Spatial and temporal subsetting

A common task in climate data analysis is subsetting files over a region of interest. Global model simulations and observations cover the entire globe, while impact analyses are often concerned with a region. Instead of downloading the entire file on a local disk, it is often more practical to subset it on the server and only download the relevant part.

This notebook shows two ways subsetting can be done. The first is to access the file using OPeNDAP, and select the coordinates of interest. The second uses processes defined on the PAVICS server.

Subsetting with OPeNDAP

Let’s start with the most direct approach using the OPeNDAP data streaming protocol. For this you’ll need the URL to the OPeNDAP link for the file of interst on the PAVICS THREDDS server. Browsing the THREDDS catalog, you should see for each file an OPeNDAP link whose URL contains dodsC. We’ll use this link and simply pass it to our netCDF library, here xarray.

%matplotlib inline
import os

import xarray as xr
from matplotlib import pyplot as plt

verify_ssl = True if "DISABLE_VERIFY_SSL" not in os.environ else False

# The OPeNDAP link for the test file
dap = ""
ncfile = "birdhouse/testdata/flyingpigeon/cmip5/"
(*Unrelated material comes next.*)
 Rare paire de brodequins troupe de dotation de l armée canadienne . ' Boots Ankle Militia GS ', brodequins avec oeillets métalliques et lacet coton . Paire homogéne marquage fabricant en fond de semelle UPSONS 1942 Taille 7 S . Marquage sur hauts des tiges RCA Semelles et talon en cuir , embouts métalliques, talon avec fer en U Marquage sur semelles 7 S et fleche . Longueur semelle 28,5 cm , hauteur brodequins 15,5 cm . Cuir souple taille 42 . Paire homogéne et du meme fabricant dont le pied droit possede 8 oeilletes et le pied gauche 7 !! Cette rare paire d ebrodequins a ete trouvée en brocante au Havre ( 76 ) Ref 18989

# Here we open the file and subset it using xarray functionality, which communicates directly with
# the OPeNDAP server to retrieve only the data needed.
ds = xr.open_dataset(dap + ncfile)
tas = ds.tasmax
subtas = tas.sel(
    time=slice("2006-01-01", "2006-03-01"), lon=slice(188, 330), lat=slice(6, 70)

You can then simply write the subset to a local file with subtas.to_netcdf('').
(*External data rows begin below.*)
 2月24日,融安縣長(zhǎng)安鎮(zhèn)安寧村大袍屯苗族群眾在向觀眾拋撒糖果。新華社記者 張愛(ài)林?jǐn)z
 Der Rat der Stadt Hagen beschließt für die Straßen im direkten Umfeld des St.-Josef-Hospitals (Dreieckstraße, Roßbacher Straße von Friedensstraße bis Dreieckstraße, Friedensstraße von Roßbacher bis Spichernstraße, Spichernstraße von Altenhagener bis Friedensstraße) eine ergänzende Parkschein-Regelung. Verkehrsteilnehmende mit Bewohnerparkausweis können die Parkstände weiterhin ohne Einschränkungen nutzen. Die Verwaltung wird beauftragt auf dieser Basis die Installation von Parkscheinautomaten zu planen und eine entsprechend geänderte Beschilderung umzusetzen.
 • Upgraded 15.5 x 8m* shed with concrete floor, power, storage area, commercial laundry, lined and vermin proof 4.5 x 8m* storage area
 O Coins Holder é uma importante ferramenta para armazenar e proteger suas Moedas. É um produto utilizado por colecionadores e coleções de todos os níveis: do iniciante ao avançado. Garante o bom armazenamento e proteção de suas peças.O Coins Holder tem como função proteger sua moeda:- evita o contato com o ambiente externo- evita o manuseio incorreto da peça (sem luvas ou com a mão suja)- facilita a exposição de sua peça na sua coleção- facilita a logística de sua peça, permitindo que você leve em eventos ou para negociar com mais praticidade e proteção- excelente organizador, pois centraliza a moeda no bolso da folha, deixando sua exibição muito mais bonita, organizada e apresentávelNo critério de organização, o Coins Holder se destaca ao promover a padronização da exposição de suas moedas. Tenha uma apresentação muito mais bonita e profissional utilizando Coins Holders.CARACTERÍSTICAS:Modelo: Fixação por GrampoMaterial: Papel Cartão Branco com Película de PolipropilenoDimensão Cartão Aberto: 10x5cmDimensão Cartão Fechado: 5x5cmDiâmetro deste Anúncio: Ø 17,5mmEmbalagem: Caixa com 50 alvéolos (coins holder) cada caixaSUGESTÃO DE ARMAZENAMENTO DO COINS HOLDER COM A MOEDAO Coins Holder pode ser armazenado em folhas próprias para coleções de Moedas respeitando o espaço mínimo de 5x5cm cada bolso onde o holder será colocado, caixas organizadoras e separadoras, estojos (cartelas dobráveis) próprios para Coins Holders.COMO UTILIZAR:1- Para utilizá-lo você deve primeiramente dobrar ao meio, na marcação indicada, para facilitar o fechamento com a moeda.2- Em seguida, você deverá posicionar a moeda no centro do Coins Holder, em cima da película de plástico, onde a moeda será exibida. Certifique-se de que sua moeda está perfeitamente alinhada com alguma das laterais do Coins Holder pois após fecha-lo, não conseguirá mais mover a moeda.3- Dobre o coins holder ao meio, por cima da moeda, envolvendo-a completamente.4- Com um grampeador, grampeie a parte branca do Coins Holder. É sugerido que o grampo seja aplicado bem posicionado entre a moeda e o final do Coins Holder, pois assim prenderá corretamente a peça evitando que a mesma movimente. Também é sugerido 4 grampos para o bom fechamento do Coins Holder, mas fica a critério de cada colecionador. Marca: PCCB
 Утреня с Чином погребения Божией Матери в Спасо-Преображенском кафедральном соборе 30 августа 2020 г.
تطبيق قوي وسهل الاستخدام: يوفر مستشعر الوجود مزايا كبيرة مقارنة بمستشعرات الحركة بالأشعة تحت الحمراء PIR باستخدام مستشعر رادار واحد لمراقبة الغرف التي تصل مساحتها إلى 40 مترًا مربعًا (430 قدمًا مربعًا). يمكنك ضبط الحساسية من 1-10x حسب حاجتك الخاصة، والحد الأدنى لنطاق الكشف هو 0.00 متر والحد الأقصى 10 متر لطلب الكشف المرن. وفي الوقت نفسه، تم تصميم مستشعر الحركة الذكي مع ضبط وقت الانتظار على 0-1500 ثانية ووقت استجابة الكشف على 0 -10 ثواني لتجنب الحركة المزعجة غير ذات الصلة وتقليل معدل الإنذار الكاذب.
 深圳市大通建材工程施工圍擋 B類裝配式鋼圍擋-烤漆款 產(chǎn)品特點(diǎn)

Subset processes with WPS and Finch

For more PAVICS offers a number of subsetting processes through the FlyingPigeon WPS server:

  • subset_bbox

  • subset_gridpoint

  • subset_polygon

The subset_bbox process takes the geographical coordinates of the two opposite corner of a rectangle to define the subset region, subset_gridpoint returns grid cells closest to the given coordinates, while subset_polygon returns the grid cells within a user-defined polygon.

The first step to launch those services is to create a connexion to the WPS server using Birdy’s WPSClient.

from birdy import WPSClient

url = ""
wps = WPSClient(url, verify=verify_ssl)

Now we’ll use wps.subset_gridpoint, so let’s first check what arguments it expects and pass those to the function.

Help on method subset_gridpoint in module birdy.client.base:

subset_gridpoint(resource, lon, lat=None, start_date=None, end_date=None, variable=None) method of birdy.client.base.WPSClient instance
    Return the data for which grid cells includes the point coordinates for each input dataset as well as the time range selected.
    resource : ComplexData:mimetype:`application/x-netcdf`, :mimetype:`application/x-ogc-dods`
        NetCDF files, can be OPEnDAP urls.
    lon : string
        Longitude coordinate. Accepts a comma separated list of floats for multiple grid cells.
    lat : string
        Latitude coordinate. Accepts a comma separated list of floats for multiple grid cells.
    start_date : string
        Initial date for temporal subsetting. Can be expressed as year (%Y), year-month (%Y-%m) or year-month-day(%Y-%m-%d). Defaults to first day in file.
    end_date : string
        Final date for temporal subsetting. Can be expressed as year (%Y), year-month (%Y-%m) or year-month-day(%Y-%m-%d). Defaults to last day in file.
    variable : string
        Name of the variable in the NetCDF file.
    output : ComplexData:mimetype:`application/x-netcdf`
        netCDF output
    ref : ComplexData:mimetype:`application/metalink+xml; version=4.0`
        Metalink file storing all references to output files.
thredds = ""
ncfile = "birdhouse/testdata/flyingpigeon/cmip5/"
resp = wps.subset_gridpoint(resource=thredds + ncfile, lon=200, lat=50)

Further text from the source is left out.